Below is a search-capable version of the above PCRE presented as a python string for readability:

ipv6_search_re = \
    r'(?<![:.\w])' + \
    r'(?![:0-9A-Fa-f]*?(::[:0-9A-Fa-f]*?::|:::))' + \
    r'(?!:[0-9A-Fa-f])' + \
    r'(?![:0-9A-Fa-f]*[0-9A-Fa-f]:(?![:.\w]))' + \
    r'(?=(:?[0-9A-Fa-f]*?(:[0-9A-Fa-f]*?){7}:?|' + \
    r'(?=[:0-9A-Fa-f]*?::)[0-9A-Fa-f]*?(:[0-9A-Fa-f]*?){2,6})(?![:.\w]))' + \
    r'([0-9A-Fa-f]{0,4}::?){0,7}([0-9A-Fa-f]{0,4})(?![:.\w])'

The main changes from the validation-only version are:

Use negative look-behinds and look-aheads instead of ^ and $ as boundary conditions, to prevent matching a substring of an otherwise-invalid address
- I chose the character class [:.\w] (where \w is all "word" characters) to represent characters that should be considered part of the address for purposes of a search
- Note that this class includes . to regard the v6-embedded v4 address as part of the search even though the result will not currently validate, to avoid the problem of incorrectly finding the v6 prefix of such an address. I did not do the same with % because ISTM that an IPv6 address is 128 bits, period, and so cannot encode the zone.
When bypassing content irrelevant to a particular test, match only characters valid in IPv6 addresses ([:0-9A-Fa-f]*) rather than any character (.*).
When bypassing the contents of a group or requiring a non-empty group, match on valid hex characters rather than on [^:].

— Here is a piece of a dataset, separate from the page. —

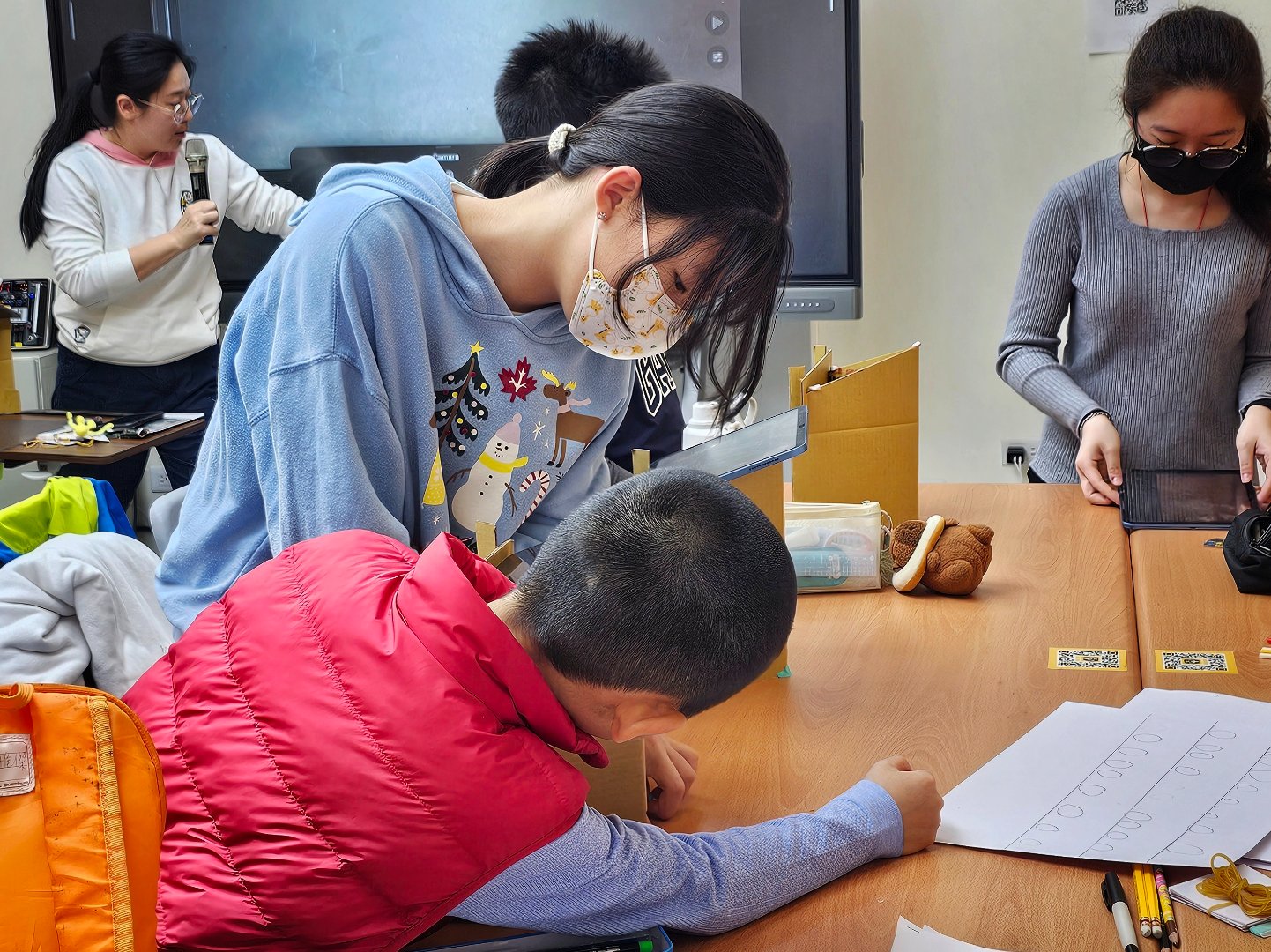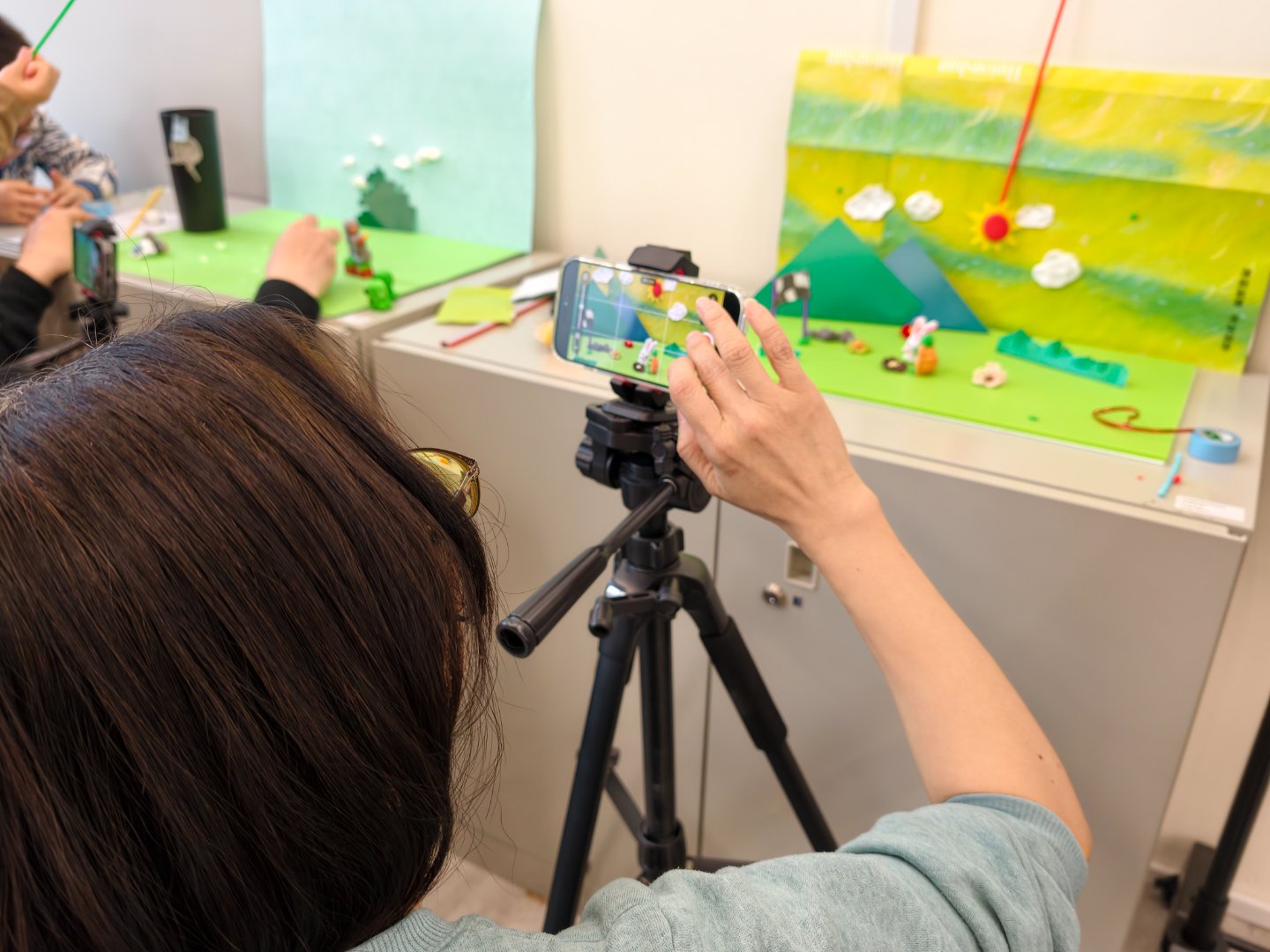 進入實作拍攝階段後,各組學員依照腳本內容投入創作,完成《龜兔好朋友》、《三毛種花記》、《毛毛蟲的一生》、《害羞聖誕人找同伴》、《傻鳥救主人》、《一起去滑雪》、《挖礦者》、《春天最香的花》與《醒著的夢》等九部作品。一個個充滿童趣與想像力的故事,在學員的巧手與鏡頭下逐步成形。大家一邊操作道具,一邊調整角色動作與拍攝畫面,將原本停留在腦海中的想法,透過逐格動畫一格一格地轉化為具體影像。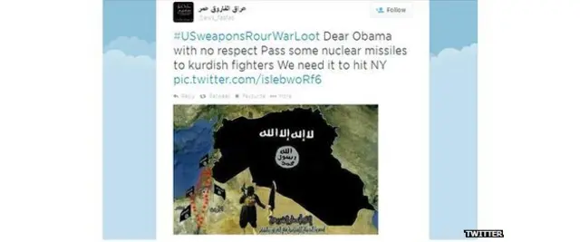 “Исломий Давлат” гоҳида аччиқ ҳазил, гоҳида қўрқинчли тасвирларини ишга солиб, Ғарбни Ироқ курдларига йўллаган ҳар қандай қурол-яроғи ўзларининг қўлларига тушиши билан огоҳлантиришга уринмоқда.

In my very limited testing, this PCRE is more than 4x as efficient as the top answer on Stack Overflow: searching for matches in a 170MB syslogemu.log on my 9950X3D required 26.32 seconds for the Stack Overflow answer's regex, while this PCRE was able to perform the same task in only 6.01 seconds. That answer's regex also missed some addresses, and "found" some MAC address pair substrings (8 groups of the 12 hex pairs in a pair of MAC addresses) and partial addresses ending in a double colon that do not actually exist as a complete address anywhere in that file.